NCLEX-PN
G. Anticipating Potential Body System Changes
An essential aspect of nursing practice involves anticipating potential changes in body systems and taking proactive measures. Here's what you should know: ● Baseline Comparison : A critical skill is the ability to compare current client data with baseline data. This is particularly vital for evaluating symptoms of illness or disease. By doing so, you can effectively identify deviations and initiate appropriate interventions promptly. ● Identification of Risks : Recognize potential risks that clients might face, such as aspiration (related to feeding tube, sedation, and swallowing difficulties), skin breakdown due to immobility, nutritional concerns, incontinence, and inadequate vascular perfusion (notably in clients with immobilized limbs, post-surgery, or diabetes). Understanding these risk factors equips you to address them effectively. ● Provision of Tailored Care : Develop the capacity to provide treatments and care in response to identified risks. This ensures that clients receive personalized interventions that address their unique needs and vulnerabilities. ● Monitoring Changes : Monitor client output for changes from baseline, encompassing nasogastric tube drainage, emesis, stool characteristics, and urine volume. Detecting shifts allows for early intervention and prevents potential complications. ● Client Education : Educate clients about measures to avert complications tied to activity levels or diagnosed illnesses. This includes addressing concerns like contractures and emphasizing foot care for individuals with diabetes mellitus. Assessment of Aspiration Risk Definition of Aspiration Risk: The potential for the entry of gastrointestinal or oropharyngeal secretions, solids, or fluids into the tracheobronchial passages.

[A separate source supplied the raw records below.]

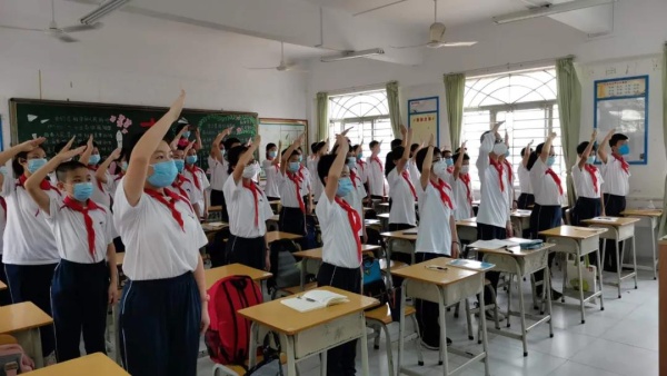 疫情防控之下, “復學第一課” 活動主題采取了釘釘直播的模式,由莫秀紅副校長主持。升旗儀式上,當國歌緩緩響起,同學們整齊地佩戴著紅領巾,莊嚴佇立,注視著屏幕上冉冉升起的國旗。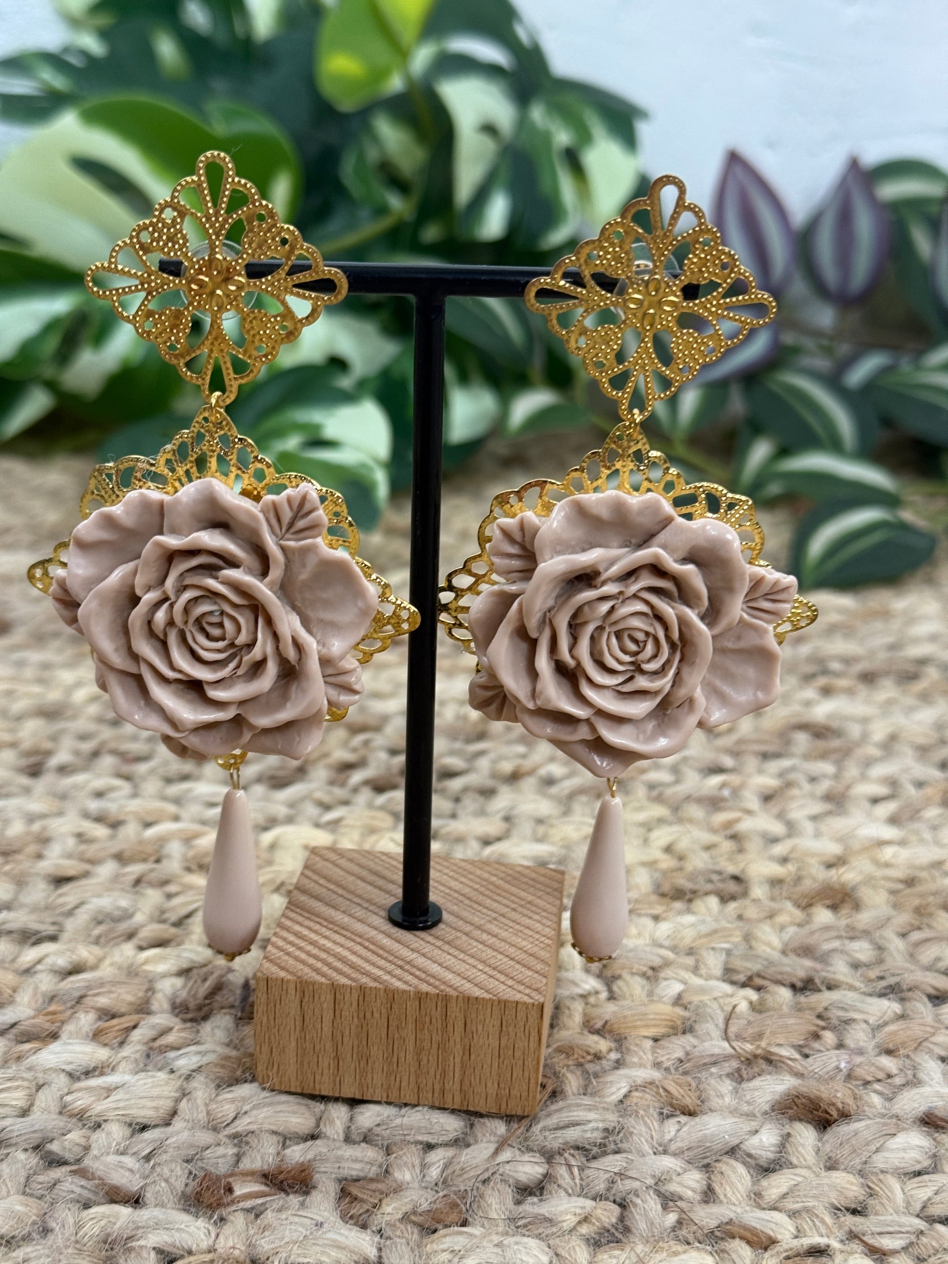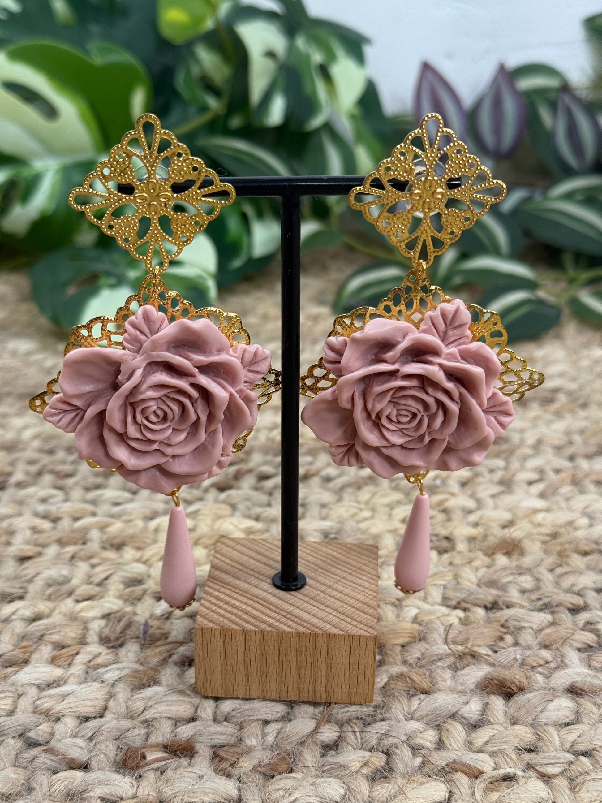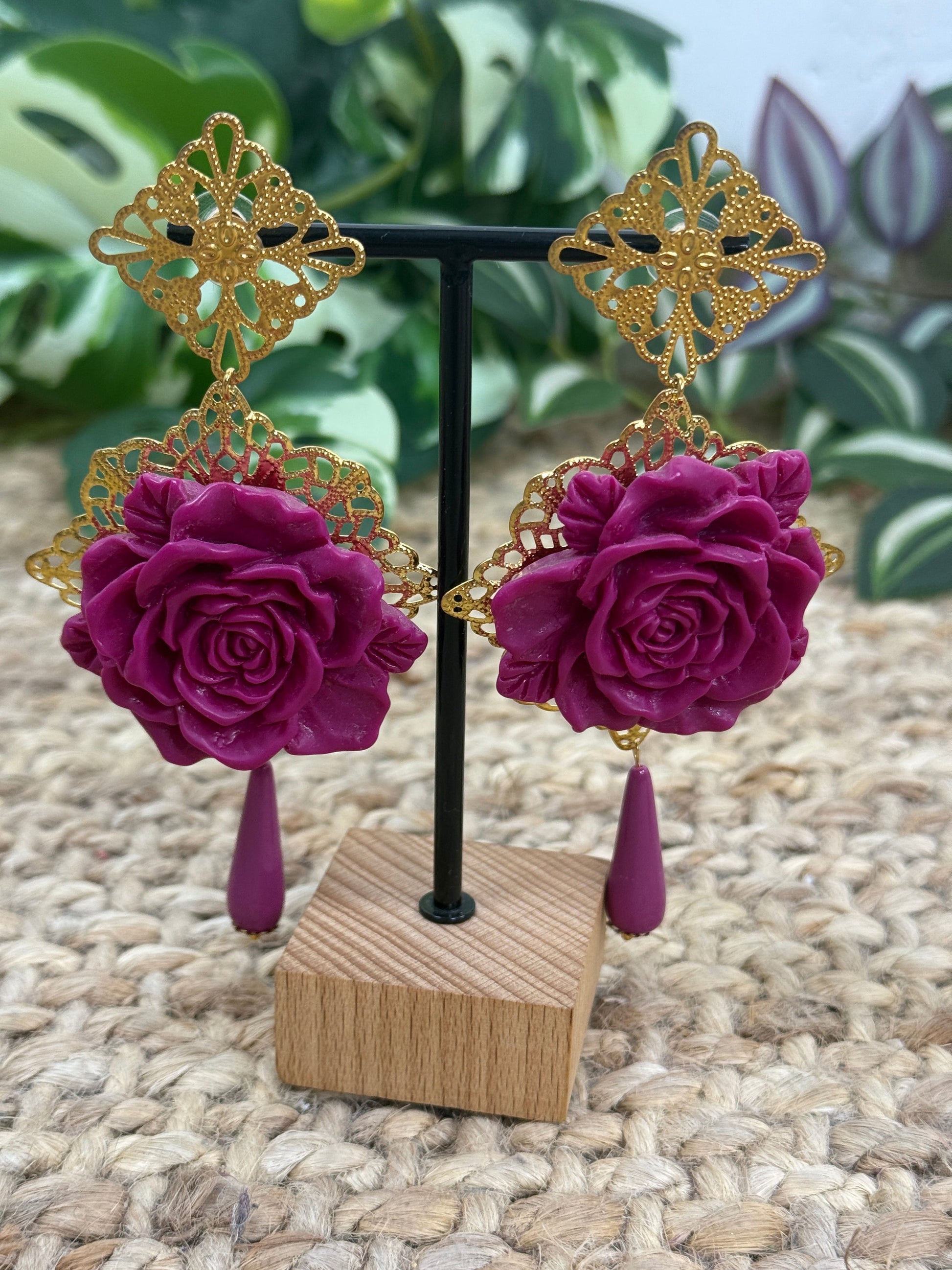 Pendiente de flamenca compuesto por una flor grande y coral del mismo color que la flor.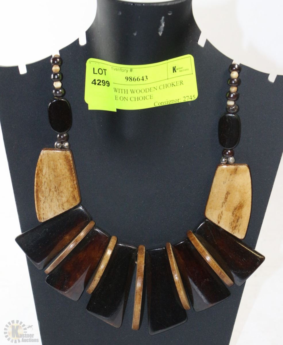 DISPLAY WITH WOODEN CHOKER NECKLACE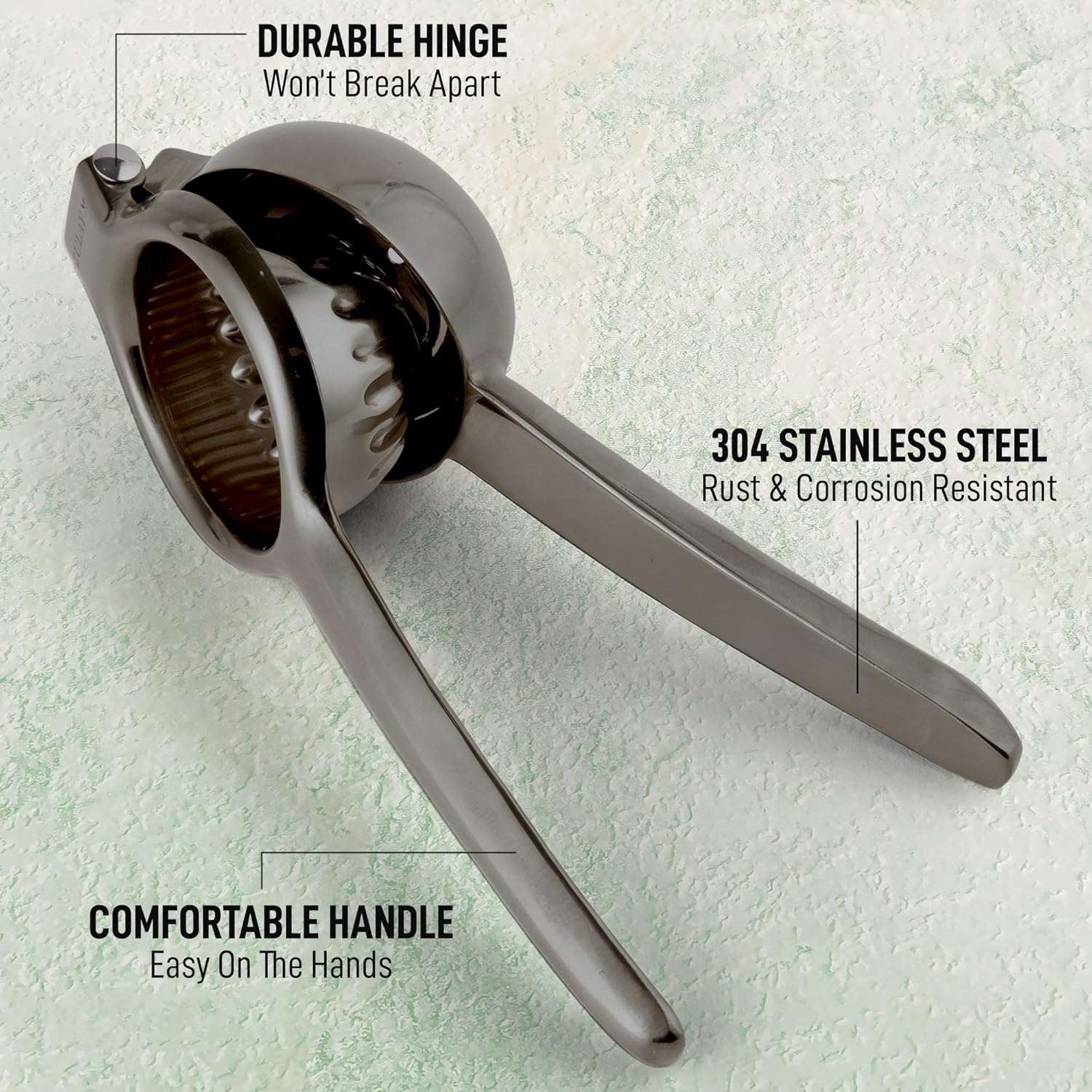 - MADE WITH HIGH QUALITY STAINLESS STEEL: This Easy-To-Use and Easy-To-Store Lemon Squeezer is built like a tank. No more bulky hard-to-clean juicers crowding the decor of your home bar or kitchen this citrus press has you covered. Whether youβre a chef or simply want a pampered squeeze you can be drinking lemonade in a just seconds.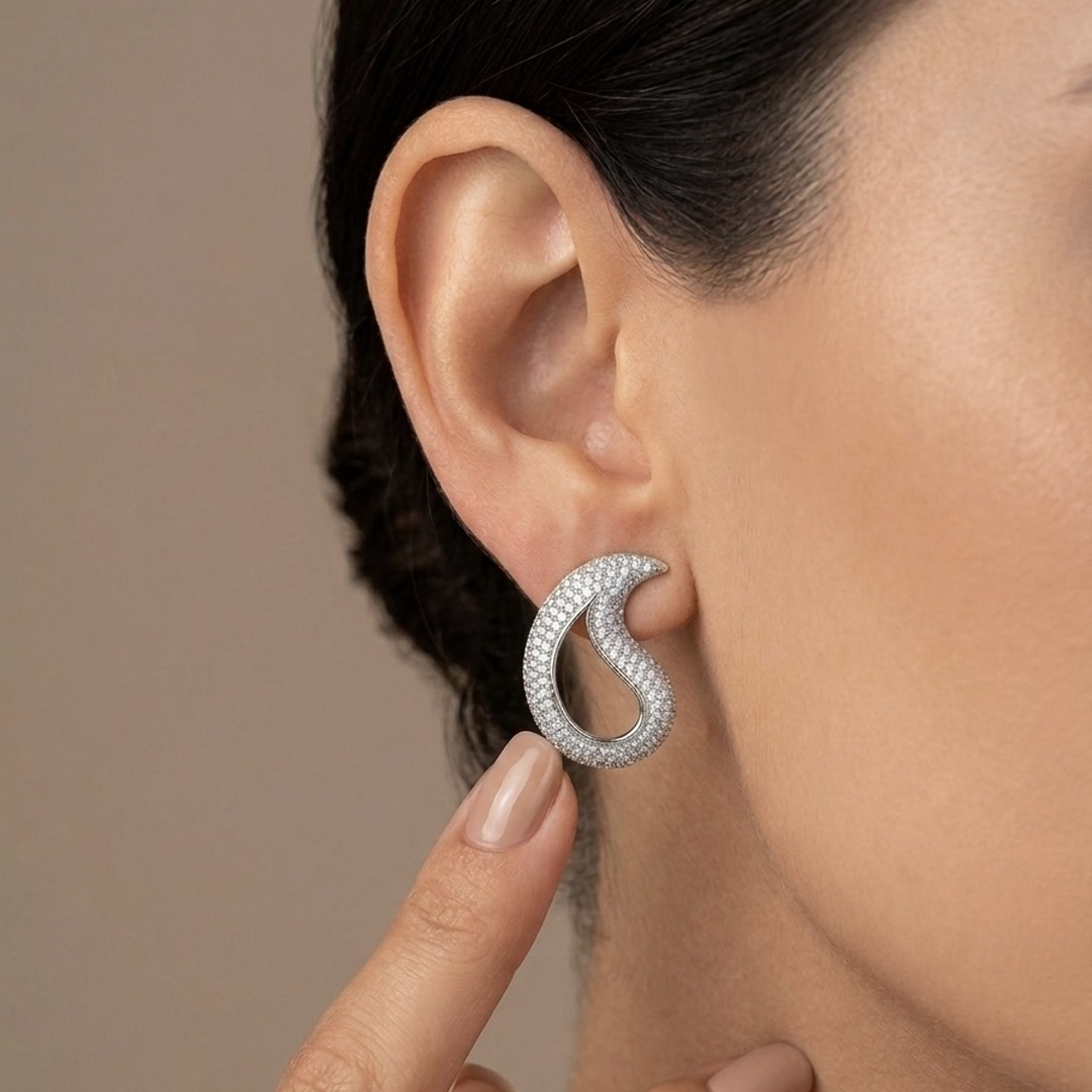 Brinco em formato de gota vazada cravejada, banhado em ouro 18k, com design elegante e brilho sofisticado. Ideal para compor looks refinados com leveza e destaque no dia a dia ou ocasiões especiais.

Identifying Risk Factors for Aspiration ● Impaired Cough and/or Gag Reflex : Clients with weakened or absent cough or gag reflexes may be at risk as they can't effectively protect their airway from foreign substances. ● Gastrointestinal Feeding Tubes with Residual : Feeding tubes, especially when there's leftover content (residual), can increase the risk of aspiration during feeding. ● Impaired Esophageal Sphincter : A dysfunctional esophageal sphincter may allow stomach contents to regurgitate into the throat. ● Impaired Gastrointestinal Tract Emptying and Motility : Conditions that affect the normal movement and emptying of the gastrointestinal tract can lead to the accumulation of contents, increasing the risk of aspiration.